- Opening Delimiter -

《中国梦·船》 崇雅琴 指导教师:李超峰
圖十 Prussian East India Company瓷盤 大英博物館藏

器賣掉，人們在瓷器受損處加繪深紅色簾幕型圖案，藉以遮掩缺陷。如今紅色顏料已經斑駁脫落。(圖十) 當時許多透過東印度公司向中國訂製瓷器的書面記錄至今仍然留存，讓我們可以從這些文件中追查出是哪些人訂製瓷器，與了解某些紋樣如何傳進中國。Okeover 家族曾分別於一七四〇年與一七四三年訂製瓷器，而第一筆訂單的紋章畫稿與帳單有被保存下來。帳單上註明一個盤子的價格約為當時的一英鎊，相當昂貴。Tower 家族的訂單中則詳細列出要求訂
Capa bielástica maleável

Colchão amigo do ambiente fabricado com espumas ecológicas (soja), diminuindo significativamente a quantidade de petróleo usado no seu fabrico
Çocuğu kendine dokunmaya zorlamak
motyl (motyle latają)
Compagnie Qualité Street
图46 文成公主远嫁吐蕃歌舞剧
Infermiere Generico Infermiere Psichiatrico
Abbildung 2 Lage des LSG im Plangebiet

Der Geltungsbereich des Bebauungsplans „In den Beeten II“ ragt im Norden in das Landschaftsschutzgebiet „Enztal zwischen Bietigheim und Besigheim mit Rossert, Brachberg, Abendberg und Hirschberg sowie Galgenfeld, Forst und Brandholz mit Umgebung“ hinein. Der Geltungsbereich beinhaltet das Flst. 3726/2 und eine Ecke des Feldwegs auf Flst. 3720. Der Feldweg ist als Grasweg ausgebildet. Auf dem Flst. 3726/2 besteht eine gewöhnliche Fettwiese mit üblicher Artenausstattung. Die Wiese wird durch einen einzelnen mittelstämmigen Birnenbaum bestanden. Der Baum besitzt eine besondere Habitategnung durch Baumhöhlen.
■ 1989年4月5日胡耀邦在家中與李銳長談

- Closing Delimiter -
- Opening Delimiter -

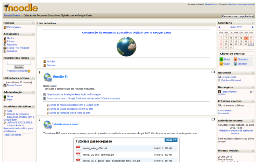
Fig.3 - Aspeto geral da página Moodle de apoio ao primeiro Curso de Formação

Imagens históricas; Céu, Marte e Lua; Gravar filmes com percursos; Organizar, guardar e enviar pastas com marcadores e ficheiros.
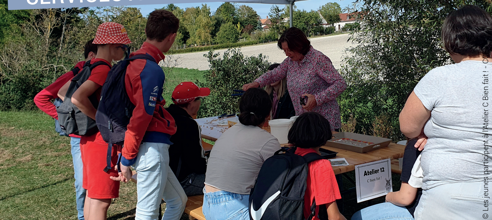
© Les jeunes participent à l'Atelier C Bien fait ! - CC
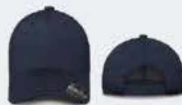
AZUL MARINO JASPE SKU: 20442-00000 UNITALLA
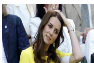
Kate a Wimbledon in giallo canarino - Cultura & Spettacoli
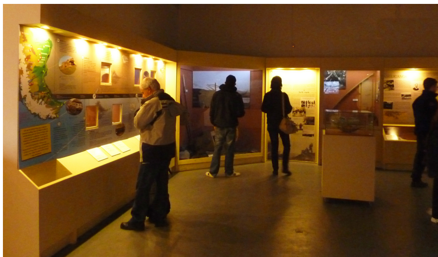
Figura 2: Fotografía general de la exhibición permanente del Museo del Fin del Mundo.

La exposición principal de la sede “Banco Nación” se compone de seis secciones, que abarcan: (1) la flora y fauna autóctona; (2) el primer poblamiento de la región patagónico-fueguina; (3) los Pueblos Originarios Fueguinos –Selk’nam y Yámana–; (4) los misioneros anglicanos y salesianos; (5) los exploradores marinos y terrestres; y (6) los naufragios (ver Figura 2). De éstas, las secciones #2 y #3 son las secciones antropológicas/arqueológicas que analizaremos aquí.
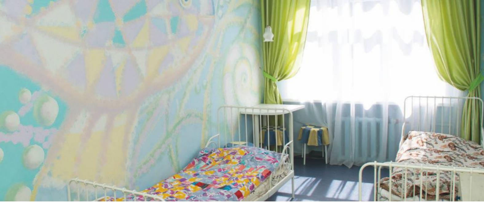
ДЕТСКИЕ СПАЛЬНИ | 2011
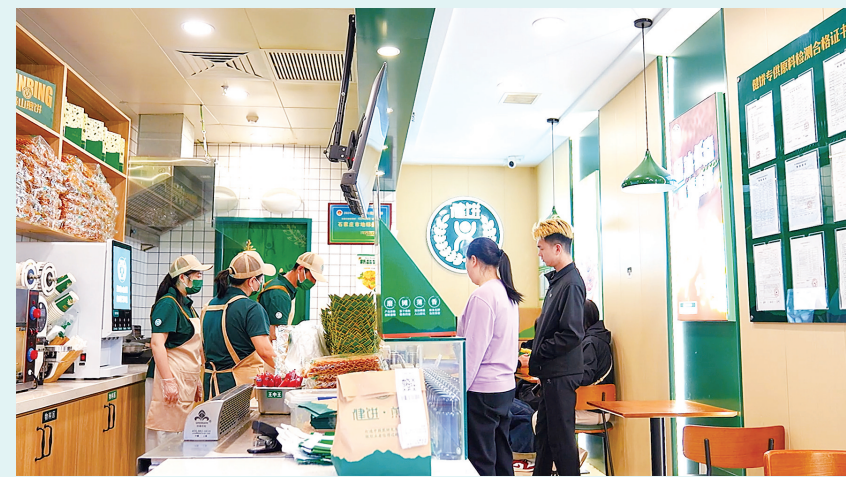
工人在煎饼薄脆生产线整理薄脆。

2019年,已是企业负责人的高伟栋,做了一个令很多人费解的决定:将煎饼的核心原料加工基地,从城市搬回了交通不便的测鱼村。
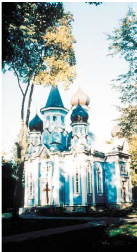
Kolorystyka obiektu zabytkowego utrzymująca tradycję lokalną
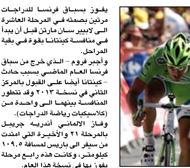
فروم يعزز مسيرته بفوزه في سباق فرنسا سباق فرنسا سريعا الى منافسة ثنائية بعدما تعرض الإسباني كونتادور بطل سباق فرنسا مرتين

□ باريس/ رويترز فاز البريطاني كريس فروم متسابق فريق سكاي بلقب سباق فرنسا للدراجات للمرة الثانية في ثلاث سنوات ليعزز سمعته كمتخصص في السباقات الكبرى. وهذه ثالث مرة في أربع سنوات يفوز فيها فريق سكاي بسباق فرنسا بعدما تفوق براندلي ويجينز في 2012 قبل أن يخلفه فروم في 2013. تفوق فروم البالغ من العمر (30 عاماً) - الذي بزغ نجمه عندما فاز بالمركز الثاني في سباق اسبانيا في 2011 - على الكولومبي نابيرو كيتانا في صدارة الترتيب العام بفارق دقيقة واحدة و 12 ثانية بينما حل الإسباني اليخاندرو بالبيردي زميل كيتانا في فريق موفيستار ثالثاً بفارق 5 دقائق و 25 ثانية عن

- Closing Delimiter -

## Task details
Count the lines of the data that hold the word "فرنسا". Report the count and nothing more.

## Solved problem
2